◆ **Aim of the exercise**
Give back the records that follow exactly, images excluded.

──────── Data under study ────────

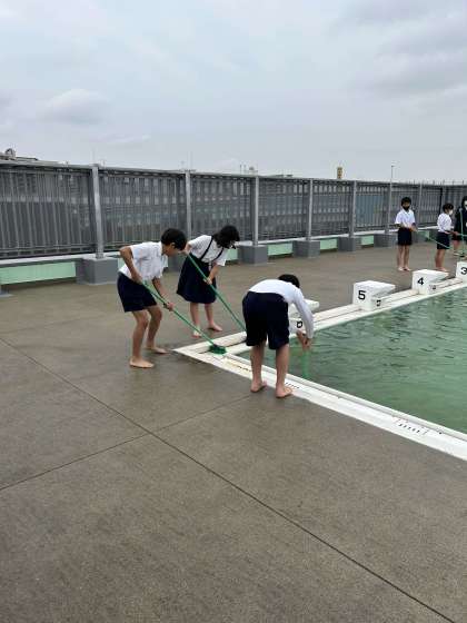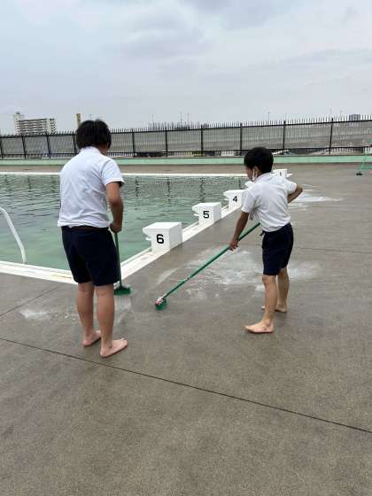 運動委員会の子どもたちは、12日のプール開きに向けてプールサイドの掃除を頑張りました。
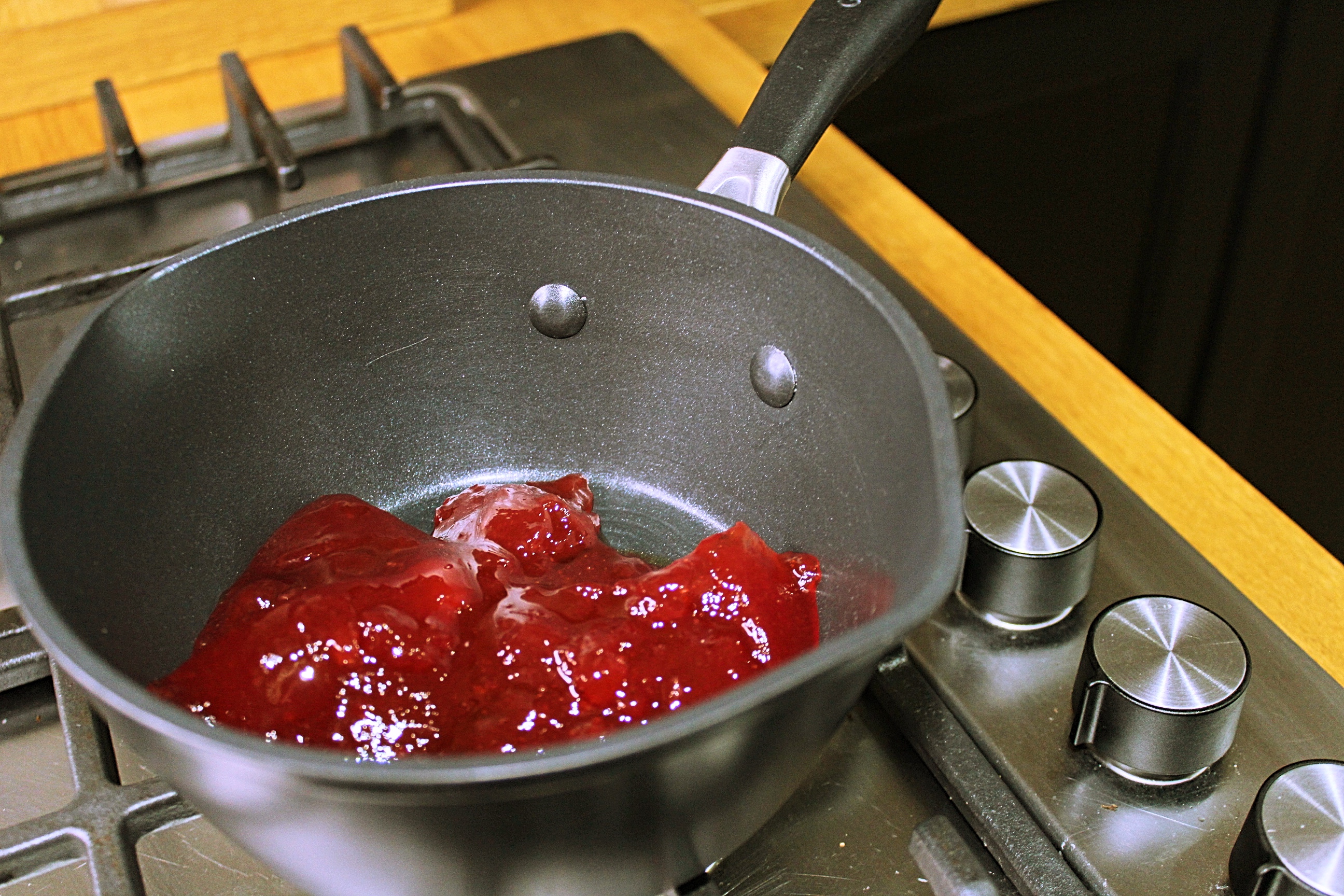 Heat the jam and vanilla in a saucepan to break it down into a smooth warm mixture.
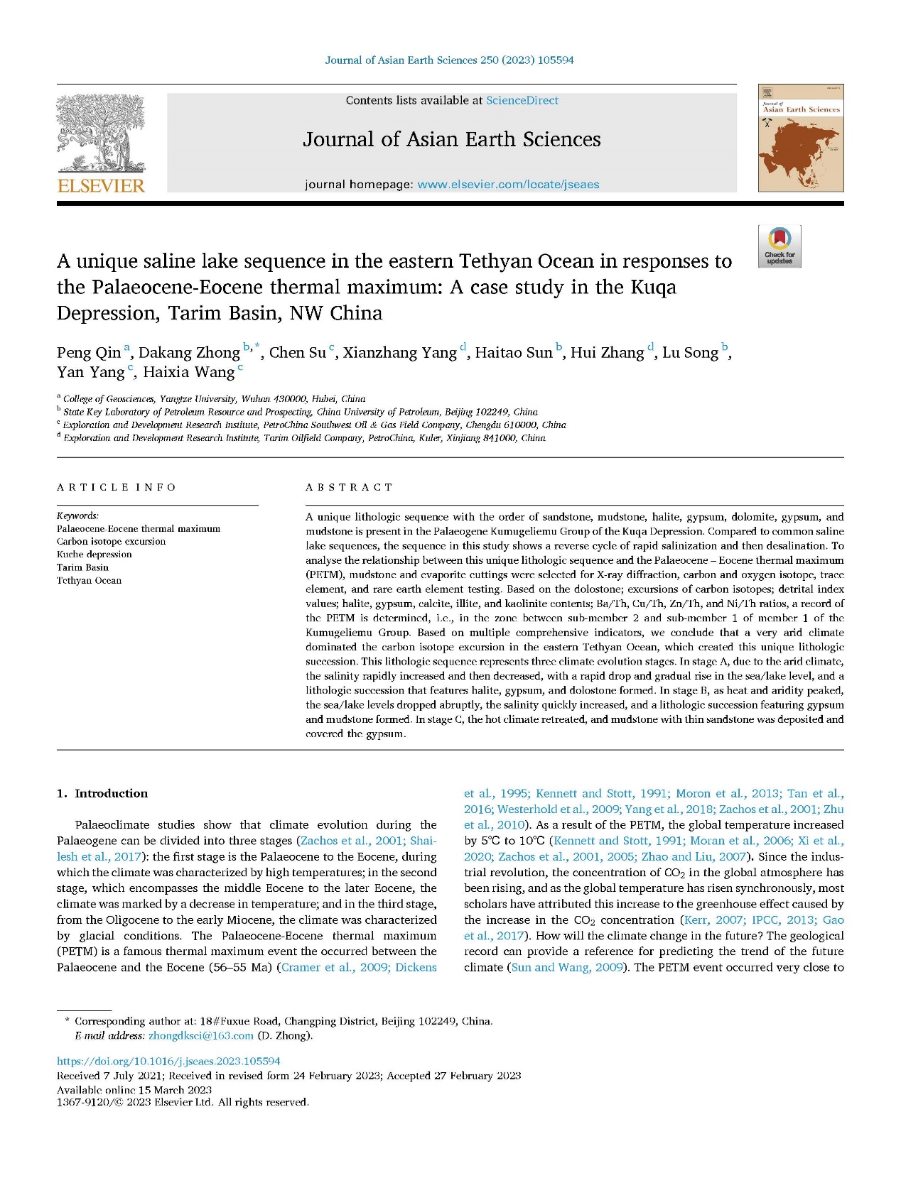 日本无码av 秦鹏博士以第一作者的身份在Journal of Asian Earth Sciences上发表题目为《A Unique saline lake sequence in the eastern Tethyan Ocean in Responses to the Palaeocene – Eocene Thermal maximum: A Case Study in the Kuqa Depression, Tarim Basin, NW China》的论文。
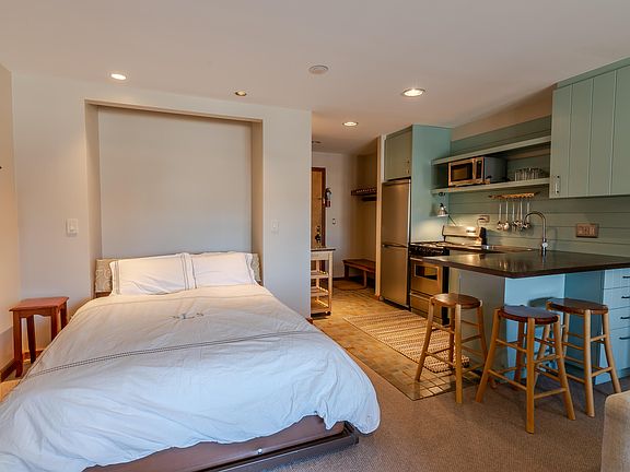 Attached to the Sugarloaf Sports & Fitness Center with covered parking garage. Murphy bed, built-ins for storage, Bigelow Mountain facing deck and adorable kitchen with breakfast bar. Conveniently located, with easy access to Snubber mid station & trail, plus dining and shopping nearby, making it an ideal location for enjoying all that Sugarloaf has to offer!
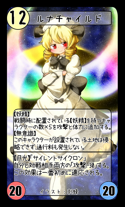 【妖精】 戦闘中、フィールドに設置された【妖精】を持つキャラクターの数×5を攻撃と体力に追加する。 【無意識】 このキャラクターが設置されている土地は侵略できず、通行料も発生しない。 |
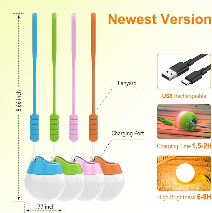 - 4 Light Modes & 150 Lumens High Brightness: Each rechargeable camping lantern features 4 lighting modes—high, medium, red light, and SOS red flash—ideal for any situation. Long-press to switch colors and create the right mood whether you're indoors or out. Powered by 8 upgraded LED beads with 150 lumens of output, this tent light delivers stable, bright light that’s perfect for tents, reading, or emergencies
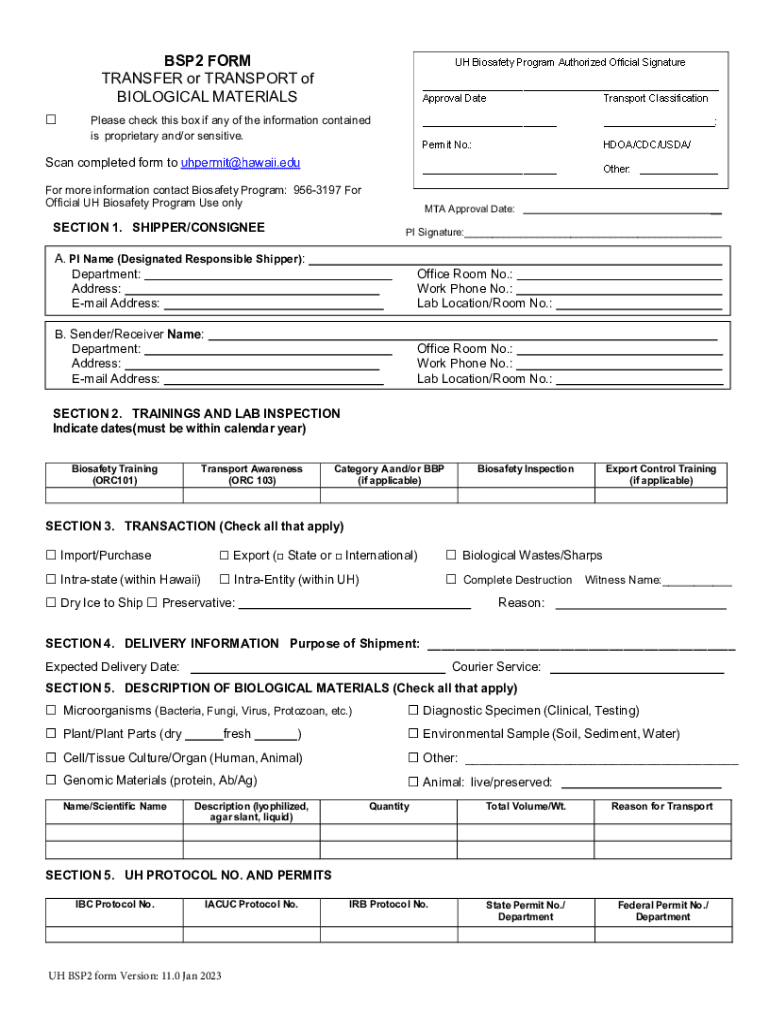 BSP2 FORM TRANSFER or TRANSPORT of BIOLOGICAL MATERIALS Please check this box if any of the information contained is proprietary and/or sensitive. Scan completed form to uhpermit@hawaii.edu For more
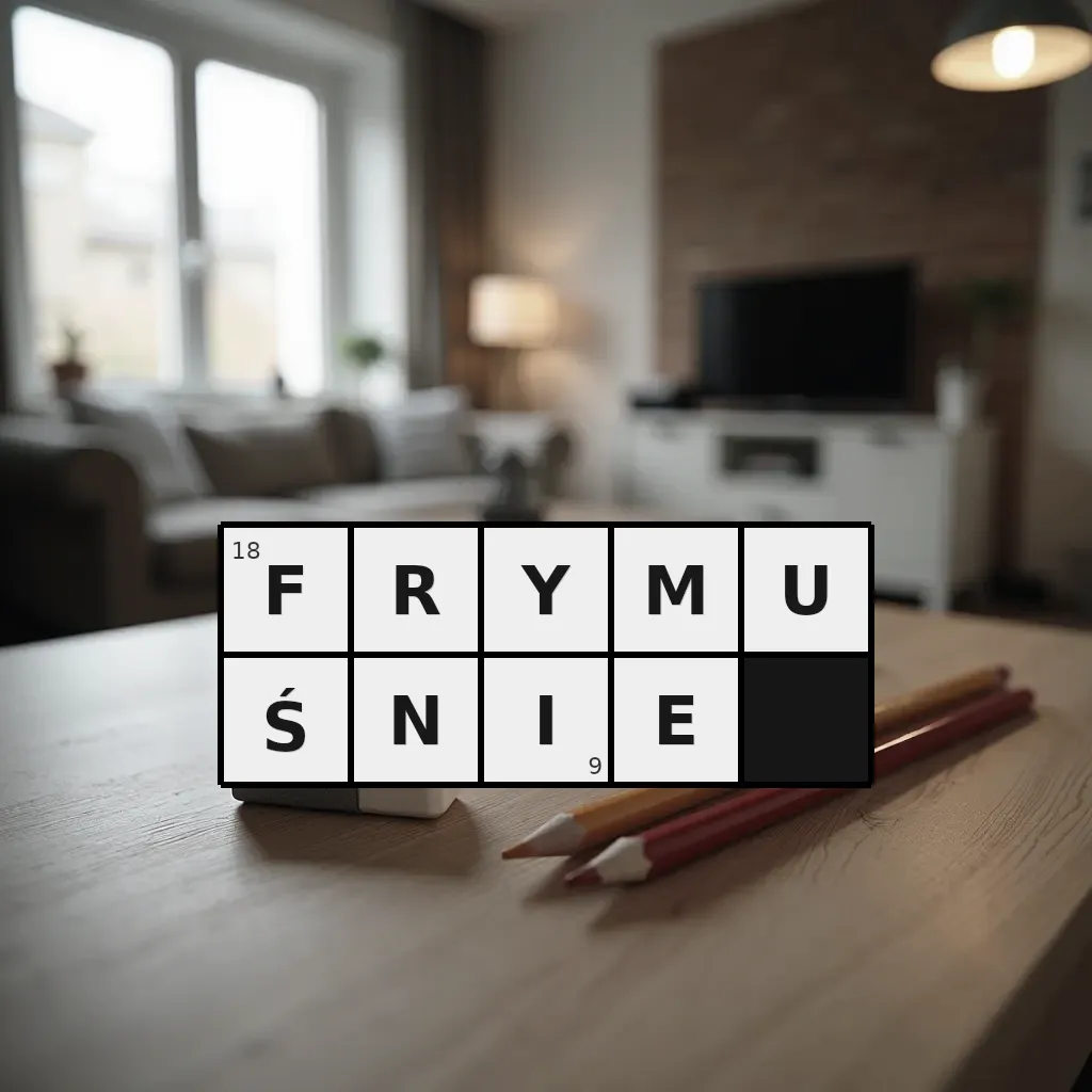 Słowo „frymuśnie” ma 9 znaków (bez spacji i łączników).

────────

◆ **Response to this exercise**
 運動委員会の子どもたちは、12日のプール開きに向けてプールサイドの掃除を頑張りました。
 Heat the jam and vanilla in a saucepan to break it down into a smooth warm mixture.
 日本无码av 秦鹏博士以第一作者的身份在Journal of Asian Earth Sciences上发表题目为《A Unique saline lake sequence in the eastern Tethyan Ocean in Responses to the Palaeocene – Eocene Thermal maximum: A Case Study in the Kuqa Depression, Tarim Basin, NW China》的论文。
 Attached to the Sugarloaf Sports & Fitness Center with covered parking garage. Murphy bed, built-ins for storage, Bigelow Mountain facing deck and adorable kitchen with breakfast bar. Conveniently located, with easy access to Snubber mid station & trail, plus dining and shopping nearby, making it an ideal location for enjoying all that Sugarloaf has to offer!
 【妖精】 戦闘中、フィールドに設置された【妖精】を持つキャラクターの数×5を攻撃と体力に追加する。 【無意識】 このキャラクターが設置されている土地は侵略できず、通行料も発生しない。 |
 - 4 Light Modes & 150 Lumens High Brightness: Each rechargeable camping lantern features 4 lighting modes—high, medium, red light, and SOS red flash—ideal for any situation. Long-press to switch colors and create the right mood whether you're indoors or out. Powered by 8 upgraded LED beads with 150 lumens of output, this tent light delivers stable, bright light that’s perfect for tents, reading, or emergencies
 BSP2 FORM TRANSFER or TRANSPORT of BIOLOGICAL MATERIALS Please check this box if any of the information contained is proprietary and/or sensitive. Scan completed form to uhpermit@hawaii.edu For more
 Słowo „frymuśnie” ma 9 znaków (bez spacji i łączników).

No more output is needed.